A bizarre love triangle set against the historical backdrop of Spain from the 30s to the 70s, with fantastical elements thrown in for good measure, complete with grotesque images that firmly puts this amongst cult favourites demanding an acquired taste. It won writer-director Alex de la Iglesia a Silver Lion at the 2010 Venice Film Festival, and so I'm quite surprised it actually did make it to our shores some two years later given a subject material that is steeped in Spanish history with its allegories, without which it may just appear to be a violently dark film.
It begins in 1937 where a laughing clown is in the process of entertaining children, but for the Spanish Republican militia to rudely interrupt the circus act to conscript every able bodied man to fight off the insurgent Loyalist forces. The clown is given a machete and he proceeds to really hack off countless of adversary soldiers, before being put down, jailed and soon gets sent to work on the Valle de los Caidos. He leaves his son Javier with advice to be the sad clown because Javier had lost his childhood with the war, and we fast forward to the 70s where the now grown up Javier (Carols Areces) finally heeds his dad's advice and got a job as a sad clown, playing opposite the laughing clown Sergio (Antonio de la Torre), a sadist behind the makeup, but so popular that he's single-handedly responsible for the circus' financial viability.
Of all people, Javier has to fall in love with Sergio's wife, the acrobat Natalia (Carolina Bang), who herself is quite the cock-tease for stringing Javier along, who personifies the type of girl who just cannot pull herself away from the bad boy. Javier insists that she leaves Sergio during one of their secret outings at night, and soon the entire narrative blows apart when Sergio catches them together, and beats the living daylights out of both. Here's where everything becomes a little bizarre, with Javier seeking revenge and almost killing Sergio, if not for their fellow circus troupe members sending him for emergency surgery at the nearest vet, causing disfiguring and in essence, puts his inner, ugly personality on the outside for all and sundry. As for Javier, he hides out in a cave stark naked, feeding on animals who drop in, before being caught by a one-time enemy, humiliated, and in a dream sequence, becomes the violent, angel of death strapped with every conceivable gun, going on a rampage to get his lady love back.

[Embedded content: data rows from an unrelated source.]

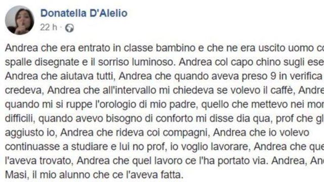 "Sorriso luminoso" - La sua insegnante ha voluto ricordare così l'ex alunno. "Andrea che era entrato in classe bambino e che ne era uscito uomo con le spalle disegnate e il sorriso luminoso - ha scritto su Facebook -. Andrea col capo chino sugli esercizi, Andrea che aiutava tutti, Andrea che quando aveva preso 9 in verifica non ci credeva, Andrea che all'intervallo mi chiedeva se volevo il caffè, Andrea che quando mi si ruppe l'orologio di mio padre, quello che mettevo nei momenti difficili, quando avevo bisogno di conforto mi disse dia qua, prof che glielo aggiusto io; Andrea che rideva coi compagni, Andrea che io volevo continuasse a studiare e lui no prof, io voglio lavorare, Andrea che quel lavoro l'aveva trovato, Andrea che quel lavoro ce l'ha portato via. Andrea, Andrea Masi, il mio alunno che ce l'aveva fatta".
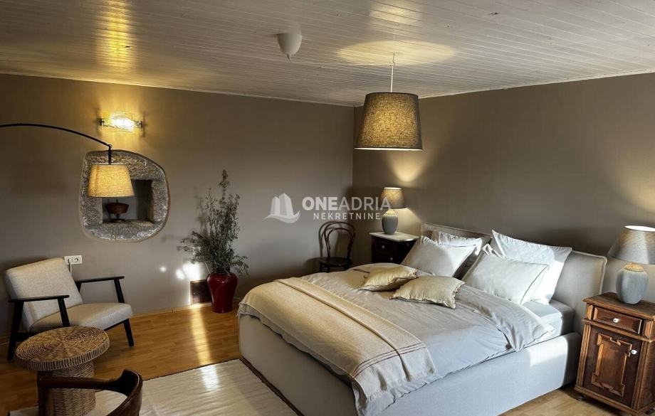 Kat: prostrani dnevni boravak, dvije spavaće sobe (manja prolazna i glavna spavaća soba)
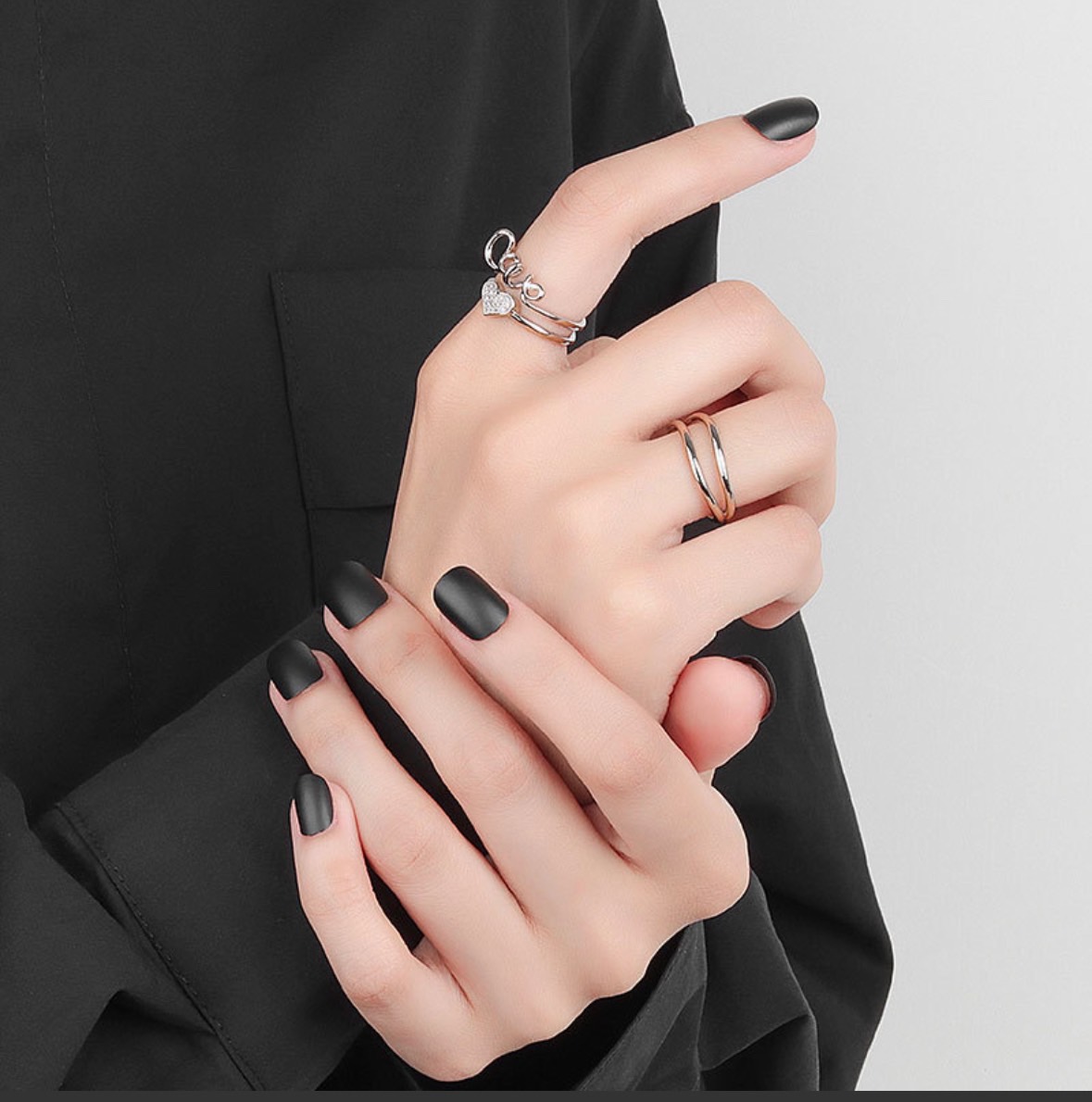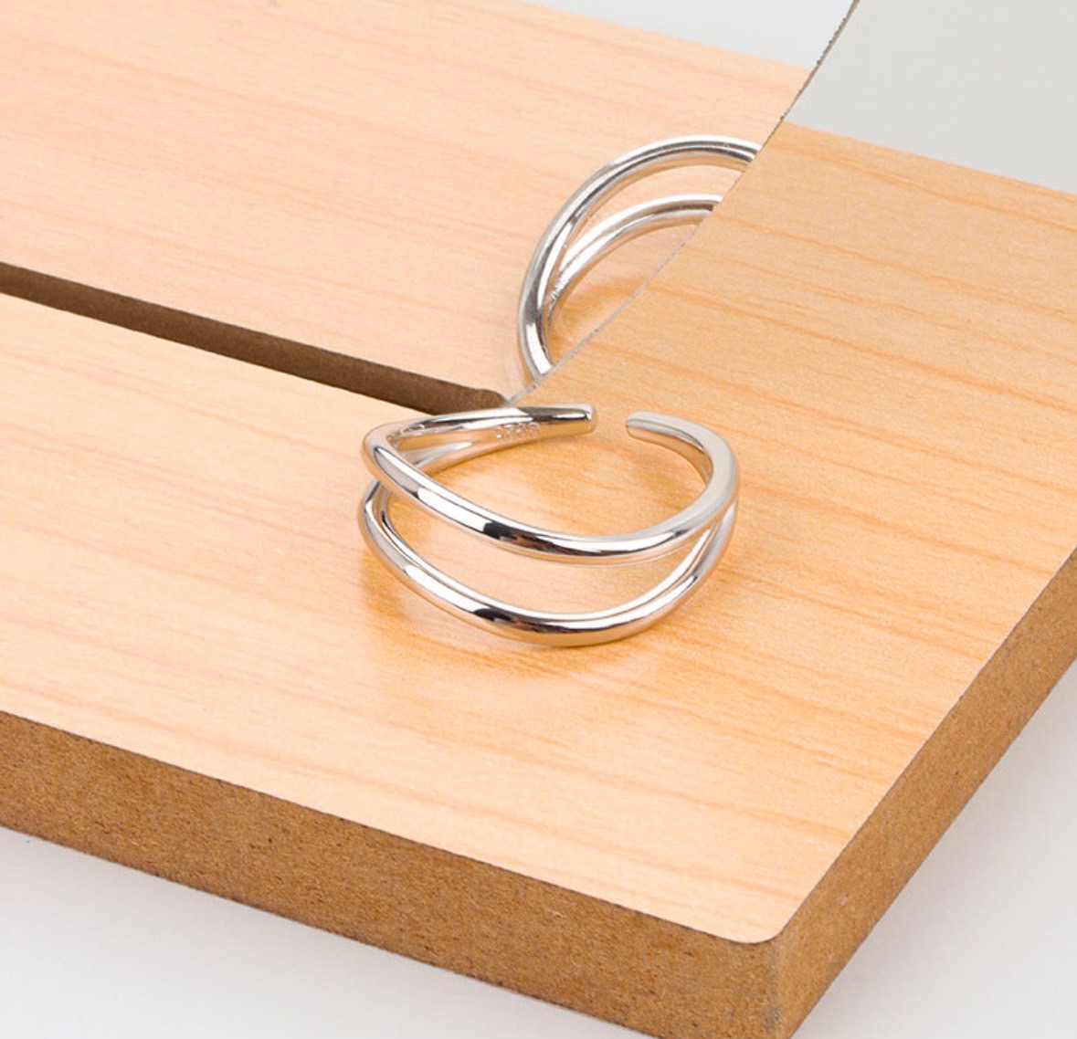 造型簡約,由兩條細長的銀色線條環繞而成,呈現雙環的設計。戒指線條流暢,表面光滑,整體質感簡潔。

While the narrative may be strangely held together by plots that don't really connect, with disparate scenes and sequence of events, it is the imagery that gets put on screen that becomes somewhat magnetic to watch, keeping one glued to how everything would turn out, especially since violence has now entered the picture. Alex de la Iglesia challenges you to keep watching even as he presents some of the vividly horrific scenes of self-mutilation as Javier literally turns into the sad clown, and a gun toting one at that, driven to madness just for the unattainable love of a woman who repeatedly continues to spurn this one time gentle giant of a man, for a drunken who can satisfy her fetish for violent sex. de la Iglesia never shied away from fusing history into his plot, with old newsreel interruptions to point out specific historical milestones that ties in with the story he wants to tell, but the best parts as the film wore on was the battle between the two clowns, with a final shot that's really quite poignant as they become truly who they are, with make pretense in an arena turning into actual, permanent emotions.
If you're up for a film that can easily be a staple in fantastic film festivals, then The Last Circus will be right up your alley. Otherwise the narrative may border a little on the unbelievably absurd, coincidental, and may not actually make much sense, and easily become B-grade exploitative fare if not for its love triangle that connects the protagonist together, and the strong statements Alex de la Iglesia has depicting the tumultuous, violent history of the country.